O parlamento rejeitou hoje um conjunto de projetos de lei para a simplificação e reorganização de alguns procedimentos fiscais, entre as quais a entrega de uma única declaração mensal de remunerações para a Autoridade Tributária e Segurança Social.

Este foi um agendamento da Iniciativa Liberal (IL) para a sessão plenária de hoje para o qual apresentou cinco projetos de lei, ao qual se juntaram Chega, PAN e Livre, cada um com um diploma.

Todos os oito projetos de lei foram chumbados nas votações do final do plenário, tendo o PS votado contra todos os diplomas e ficado isolado nesse voto em cinco deles.

No debate, o deputado do PS Pedro Coimbra defendeu que “as propostas padecem de vários pecados capitais”, entre as quais a falta de aplicabilidade prática, o facto de algumas já estarem em vigor e outras estarem a ser preparadas para ser colocadas à disposição dos portugueses.

No debate, a deputada da IL Carla Castro defendeu que estas cinco iniciativas “são muito concretas e que beneficiarão profissionais liberais, empresários e micro, pequenas e médias empresas”, considerando que o partido “defende mais uma vez menos burocracia e mais simplificação na relação com o Estado”.

“Numa semana de pacotes também está aqui um pacote de simplificação. Precisamos de ouvir as realidades concretas fora destes plenários, as realidades das empresas e dos empresários. Precisamos de não falhar o objetivo de simplificação”, desafiou.

Em resumo, as propostas liberais pretendiam passar a declaração de modelo 30 de mensal para trimestral, fundir a declaração mensal de remunerações para a Autoridade Tributária com a declaração da Segurança Social, simplificar a obtenção de declaração de situação tributária regularizada, simplificar a devolução do IVA nas dívidas de cobrança duvidosa e isentar da obrigação de inventariação permanente de ‘stocks’.

Pelo Chega, Rui Afonso apresentou o projeto de lei do partido para a reorganização de obrigações fiscais declarativas em IRC e IVA, considerando que “é urgente tomar medidas para rever o calendário fiscal” e que o diploma do partido visa “a simplificação de algumas obrigações declarativas”.

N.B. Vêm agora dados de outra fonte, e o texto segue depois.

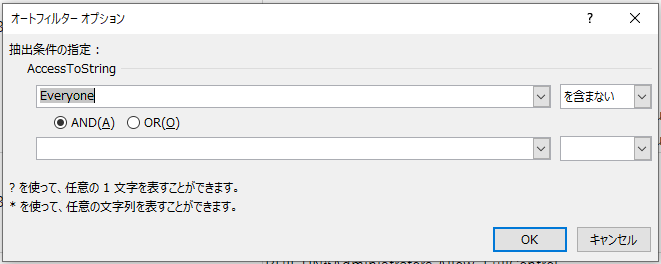 AccessToStringという列に「Everyone」を含まない行がなんかしらの権限設定がされてるフォルダなんじゃないかな~
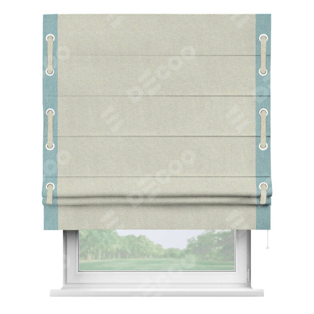 Декоративные люверсы на кантах могут выполнять как чисто украшательную функцию, так и быть частью механизма для протягивания декоративного пояска, что добавляет изделию уникальности и игривости. Поясок из основного цвета римской шторы, протянутый через люверсы, не только укрепляет вертикальную композицию, но и позволяет создавать различные драпировки, регулируя внешний вид шторы по желанию.
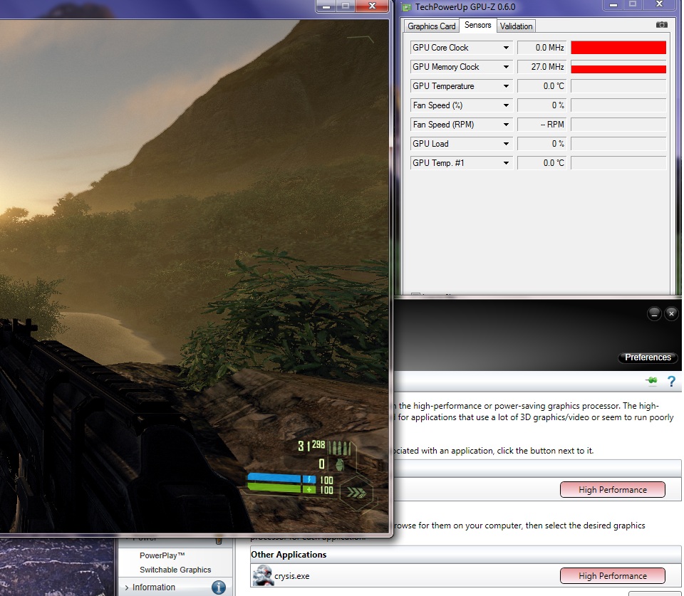 Well, GPU-Z has revealed the truth. Crysis refuses to recognize the AMD card. Even with High Performance selected, it only runs on the integrated Intel chip. No wonder I'm getting such crappy performance.

O PAN pretendia clarificar a aplicação da isenção de IVA relativamente a todas as prestações de serviços efetuadas no exercício da profissão de psicólogo, através de uma norma interpretativa do Código do IVA.

O Livre queria permitir a entrega de uma única Declaração Mensal de Remunerações à Autoridade Tributária e Aduaneira e à Segurança Social.